The heart tissues (n = 5 per group) were washed immediately with saline, then fixed in a 10% neutral formaldehyde solution at room temperature, dehydrated in an increasing series of ethanol baths, embedded in paraffin, and sectioned into 5-μm sections using a microtome. Hematoxylin & eosin (H&E) (n = 3 per group) and Masson’s trichrome staining (n = 2 per group) were utilized for histological and fibrosis analysis, respectively. Moreover, the cardiomyocyte cross-sectional area (CSA, approximately 60 cardiomyocytes from 3 independent fields of view per section) and the left ventricular wall thickness (LVWT) at the midventricular level were measured to assess cardiac hypertrophy.
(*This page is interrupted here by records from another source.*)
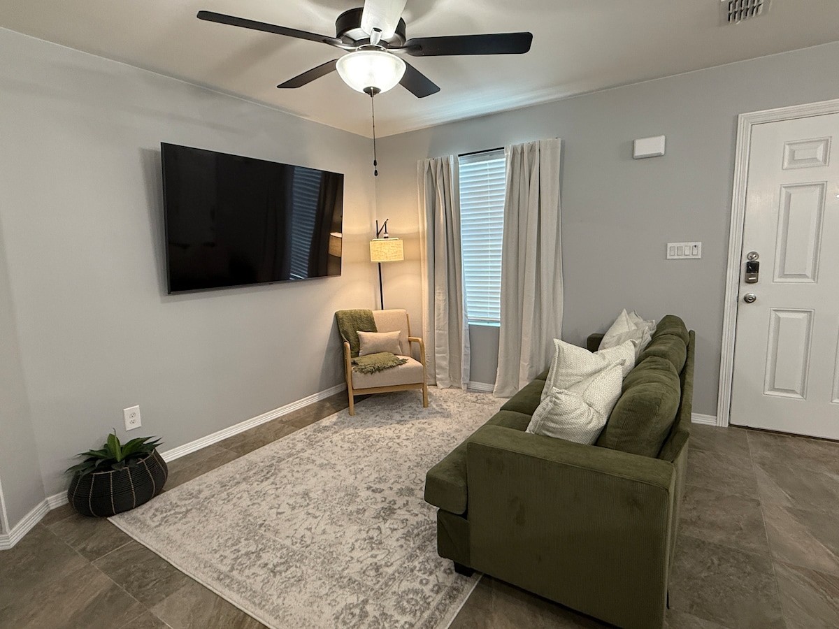Burvīgs mājoklis ar plašu viesistabu, kurā ir zaļi dīvānkrēsli, relaksējoša terase un pagalms. Katrā guļamistabā ir televizors. Ietver 1 automašīnas garāžu, veļasmašīnu un žāvētāju. Izcila atrašanās vieta - 5 minūtes līdz restorāniem, 10 minūtes līdz medicīnas centram un īss brauciens līdz Weslaco, McAllen/Edinburg, Brownsville un South Padre Island. Jūsu ideālais mājoklis prom no mājām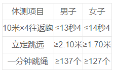 2、体能测评参考《关于印发<公安机关录用人民警察体能测评项目和标准>的通知》(公政治〔2024〕60号)规定执行,结合公安工作实际需要,体能测评内容为10米×4往返跑、立定跳远、一分钟跳绳(体能测评采取通过式、单项测评次数不超过两次),以上体能测评项目采取“三选二”的模式,由考生自主选择,具体合格标准如下: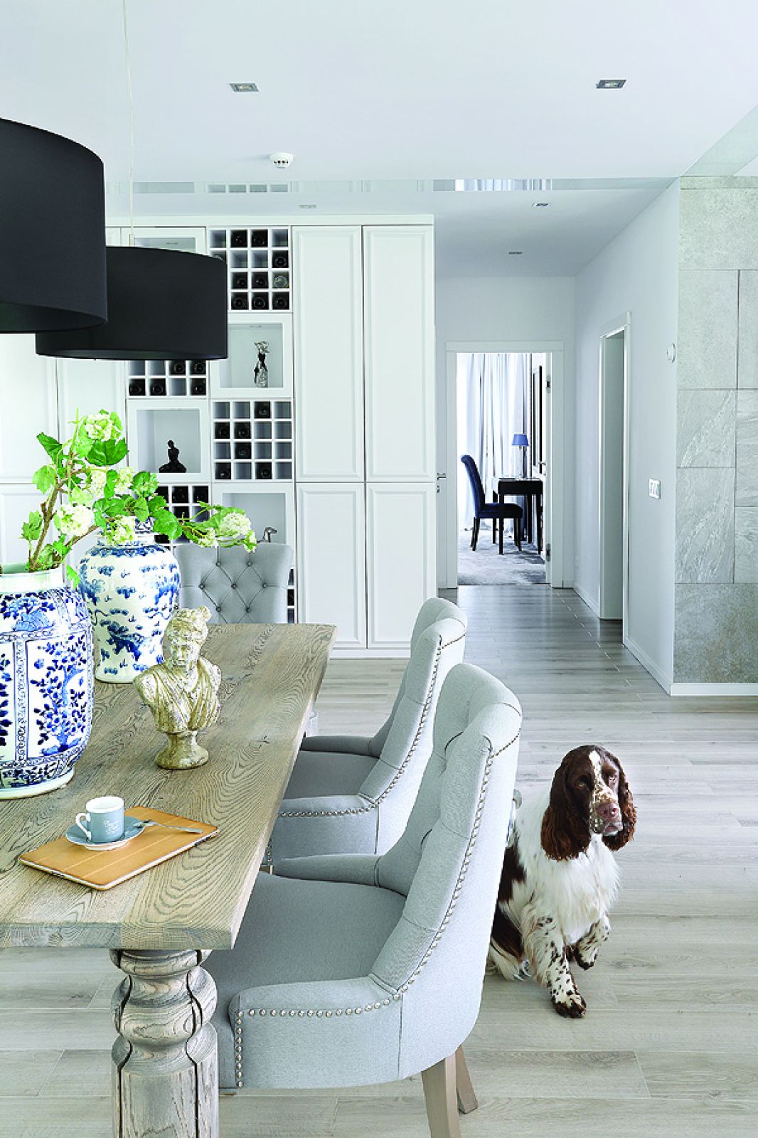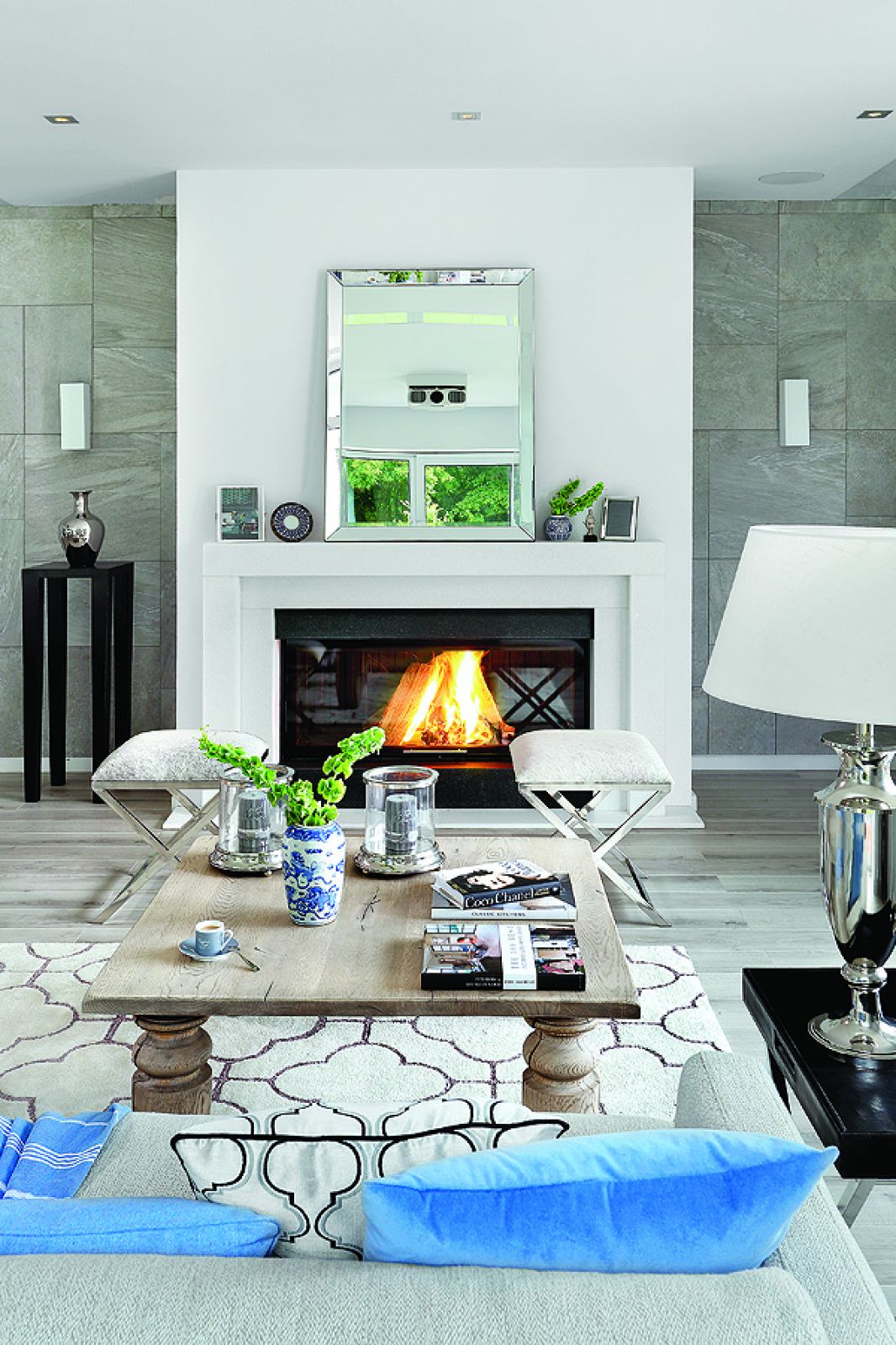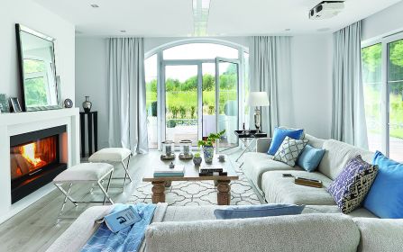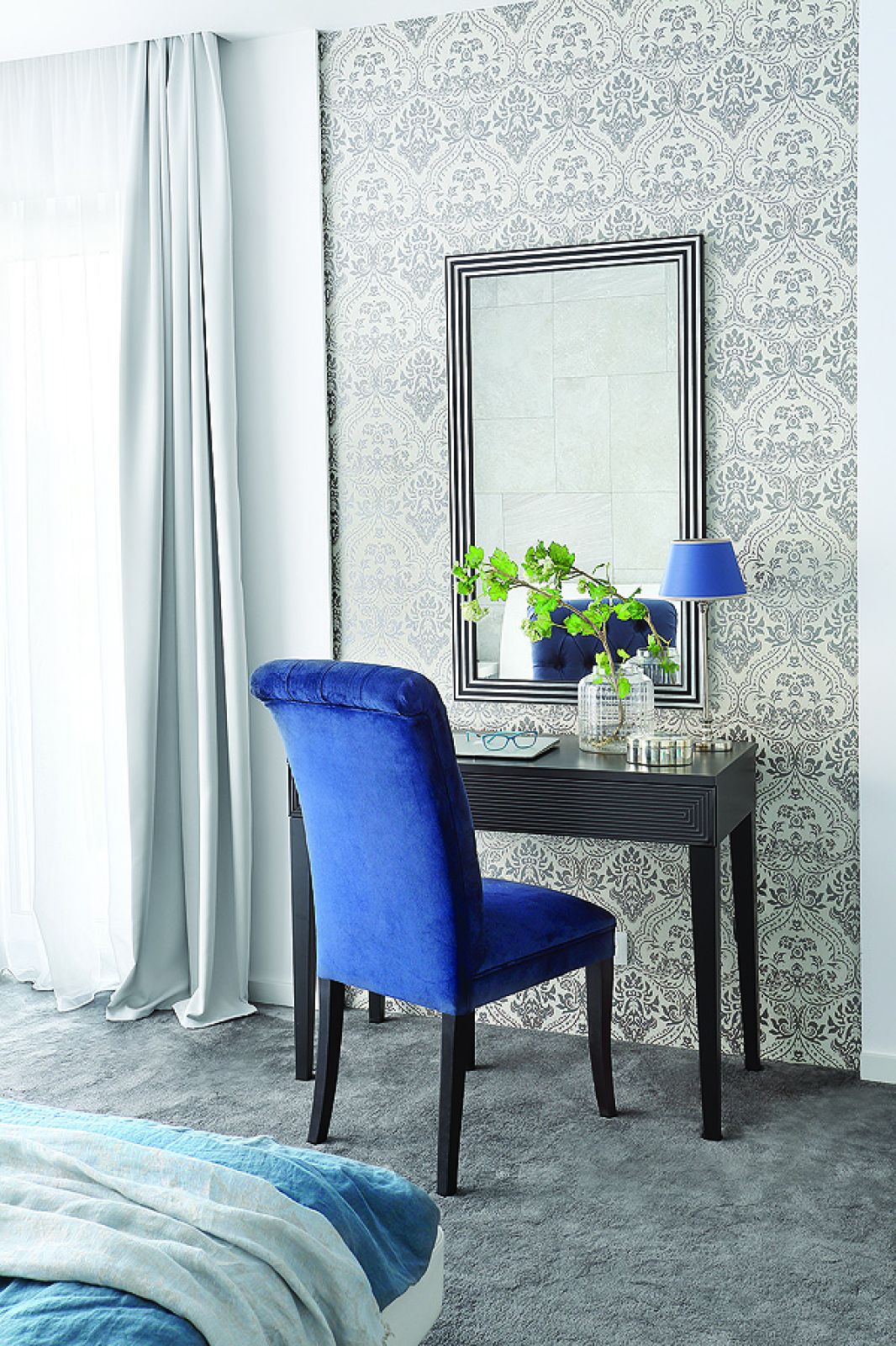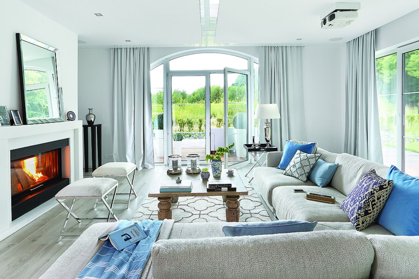Ciąg dalszy podpowiedziała stylistka Katarzyna Sawicka. To jej pomysłem jest dywan z marokańskim wzorem, niebieskie poduszki oraz dodatki w klasycznym stylu: lustro nad kominkiem, pufy na krzyżakowych nogach, krzesła obite szaro-niebieską tkaniną, stoliki czy połyskująca chromem lampa.

To determine the degree of fibrosis, the collagen volume fraction (CVF) was measured with Image-Pro Plus 6.0 (Media Cybernetics, Inc.), with four distinct fields of view per section from the anterior, posterior, lateral, and septal walls of the LV; the perivascular fibrosis ratio (PFR) was determined by dividing the collagen areas deposited in the perivascular by the total vascular area.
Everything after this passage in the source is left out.